Alissa nickte und hatte Tränen in den Augen. Sie hatte das Gesicht ihrer geliebten Mutter schon fast vergessen, aber nun sie sie ihre Mutter leibhaftig vor sich.

"Ja, Mutter, ich werde tun, was ich kann.", sagte Alissa mit erstickter Stimme und fiel ihrer Mutter um den Hals.

"Und Kind, vergib Deiner Schwester. Sie hatte es nie leicht und beneidete Dich immer sehr. Aber bedenke, ihr seid eine Familie! Blut ist immer dicker als Wasser. Früher oder später werdet ihr einander brauchen!"

"Ja, Mutter, aber..." Alissa konnte den Satz nicht beenden.

"Und richte Deiner Tante einen Gruß von mir aus. Sag ihr, dass es ihrem Sohn gut gehe. Er wird gut behütet und es geht ihm gut. Der Kleine ist wirklich ein Prachtkerl."

"Mutter, ich...", wollte Alissa sagen, doch sie brachte nicht die Worte zusammen.

"Mein liebes Kind, ich muss nun gehen. Denke daran, was ich Dir gesagt habe. Ich wache über Dich, Deine Schwester und Deine Tante. Lebe wohl!"

"NEIN, Mutter, GEH NICHT!!!", rief Alissa, doch sie wachte von ihren eigenen Worten auf.

Tränenüberströmt saß sie aufrecht im Bett und schluchzte. Es war nur ein Traum. Doch Alissa war davon überzeugt, dass dieser Traum eine Bedeutung haben musste. Nicht umsonst würde der Herr Boron ihr einen solchen Traum schenken.

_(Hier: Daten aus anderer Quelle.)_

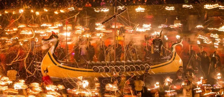 Up Helly Aa, the fiery Viking torch procession and longship burning, ignites which Scottish island group?

Alissa wischte sich die Tränen aus dem Gesicht und sah aus dem Fenster. Sie wusste nicht genau, wie lange sie geschlafen hatte, jedoch war es hell geworden. Sie stand auf, zog ihr Nachthemd über den Kopf und fing an, sich mit Hilfe der Wasserschüssel auf dem Tisch zu waschen.

Als sie fertig war, zog sie ihre Reitkleidung an, denn sie wusste ja bereits, was heute auf sie zukommen würde.

Sie richtete ihre Haare und begab sich in den großen Saal, wo sie frühstücken würde.

Alissa beeilte sich etwas, damit sie so schnell wie möglich dort sein und ihre Tante abfangen könnte. Sie flog förmlich die Treppen hinunter und als sie unten ankam, stieß sie fast mit dem Sekretarius zusammen.

"Guten Morgen, werter Herr Sekretarius!", rief sie und schlängelte sich an ihm vorbei. Alissa lief weiter und kam erst in dem großen Saal zum stehen, in dem sie ihre Tante antraf. Diese war gerade dabei, mit dem Hauptmann der Truppen ein Gespräch zu führen.

"Guten Morgen, liebste Tante", sagte Alissa und deutete einen Knicks an, "Guten Morgen, werter Hauptmann." Diesem nickte sie nur zu.

"Liebste Tante," begann Alissa, "bitte verzeiht mir mein Benehmen. Ich unterbreche Euch sehr ungern, da Ihr bestimmt wichtige Dinge zu besprechen habt, jedoch würde ich gern ein Wort an Euch richten, welches für mich sehr wichtig ist. Habt Ihr einen Moment Zeit für Eure Nichte?"